So there we see that we can determine whether we are seeing amplitude modulation in the climate data or additive superposition of two signals. The two are very similar and that is where all the confusion comes from.
Now as I noted above from the paper’s figure 2, taken from the “observed” data, we find PC2 had peaks at 0.45 0.65 and 0.75 . That is periods of around 27m 18.5m and 16 months. Again all _very_ roughly but whatever we do, we must end up with figures of that order, not half those values.
using: 2/(1/pc-1/p2)*12, 2/(1/pc+1/p2)*12) which will give us SUPERPOSITION rather than MODULATION, which is what the authors musical analogy would suggest they intended.
1.00 * 3.75 years => 32.73 + 5.29 months
1.00 * 4.43 years => 31.00 + 5.39 months
1.00 * 5.42 years => 29.43 + 5.49 months
Now since the sun passes over the equatorial regions twice a year there is a strong six monthly signal in climate and it is likely that something around 5.4 months will get absorbed or simply lost in the noise. Since a lot of climate science focuses on “anomalies” where the seasonal average is removed, anything on a sub-annual scale is either removed or totally distorted. This means all that is detectable is longer period “beats”. This must now be interpreted using the above formula that produces a period twice as longer as the form used for modulation.
The remaining period with values around 29 -31 months are similar to what is suggested for the somewhat variable quasi-biannual oscillation : QBO .So QBO can be seen as the superposition of ENSO variations superimposed upon the annual cycle once the 5.4 month component has been lost.
This is almost certainly the peak in the paper’s PC2 curve just short of 0.5 on the frequency scale. Looking again at PC1 the rightmost peak is probably at about 0.4 which would also match 2.5 years = 30 months. Since QBO is strongly present in many tropical signals , especially atmospheric ones, this is not surprising.

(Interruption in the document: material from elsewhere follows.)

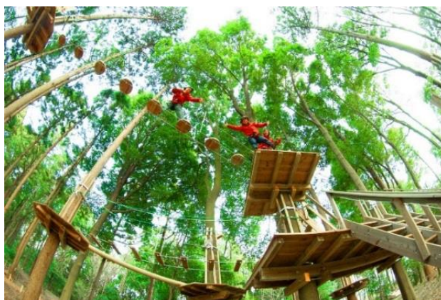
Forest Adventure 蓼科(イメージ画像)

「Forest Adventure 蓼科」では難易度が低めの2つのコースと難易度が高めの4つのコースを計画しており、長野県では最大の施設※で蓼科の豊かな森林を体感いただけます。 ※2017年6月22日現在
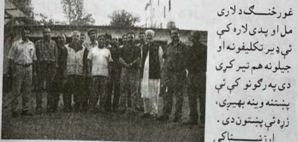
غورځنګ د لاری مل او پدی لاره کې یې ډیر تکلیفونه او جیلونه هم تیر کړي دی په رګونو کې یې پښتنه وینه بهیري، زړه یې پښتون دی. ارزښتناکی

کلنۍ عمر کې هم د پښتنی کلتور، ژبې او ادب چوپړ ته د خپل ژوند تر اخری سلګی پورې په پوره ژمي ایماندارۍ او میرانه ملاتړی ده. که څه هم دی سپین ږیری دی خو حوصله، زغم، عزم او اراده یې پیاوړی او ځوانه ده. د خدای خدمتګار و

Furthermore, the two major peaks probably correspond to 5.42 and 3.75 years. with possibly a much weaker 4.4 being the reason for the poor resolution of the two peaks (it was very small in the trade wind data I looked at)
http://climategrog.wordpress.com/?attachment_id=281
What is interesting and significant here is that this links QBO , with its awkward variability, back to the variability of ENSO and its bimodal origins in lunar and solar periods.
Now it would be nice to have Stuecker et al’s PC1 and PC2 in numeric format to get a more precise evaluation but I think this paper actually provides some strong evidence of the solar-lunar influence, once correctly interpreted.
PS: The sea tide bulge and “true” atmospheric tidal bulge move retrograde; the relevant (solar) atmospheric “tide” is prograde, like average sea and air currents generally. –AGF
” The [lunar??] sea tide bulge and “true” atmospheric tidal bulge move retrograde;”
retrograde with respect to what , the moon?
http://www.nature.com/ngeo/journal/vaop/ncurrent/full/ngeo1826.html
“…At the top of the vertical QBO domain, easterlies dominate, while at the bottom, westerlies are more likely to be found. (Wikipedia)
Missing Data In Domain: missing data present
”
So UCAR/NCAR climate guide’s one paragraph on this gives its source as being Wikipedia !!
I love the warning that missing data is “present” .
Moonshine has more influence on climate than tides. Tidal dissipation has sufficient energy to heat the ocean two thousandths of a degree C per century (assuming no loss). The notion that the precession of the moon’s orbit influences climate is less scientific than Hansen’s sea level predictions. Invoking LOD evidence evinces total misunderstanding of the physics. Fortnightly tides strongly affect LOD–reversibly–miniscule angular momentum is lost by conversion to heat. And of course the strength of fortnightly tides varies according to lunar precession, showing up on the LOD record as an 18 year cycle. But virtually none of this energy is available to the earth’s climate system–the process is almost entirely reversible.
Reasonable interpretation of atmospheric coupling requires that ALL tidal effects be modeled out of LOD history, leaving nothing but genuine weather bereft of lunar cycles. –AGF
Greg Goodman says:
May 29, 2013 at 11:35 am
” The [lunar??] sea tide bulge and “true” atmospheric tidal bulge move retrograde;”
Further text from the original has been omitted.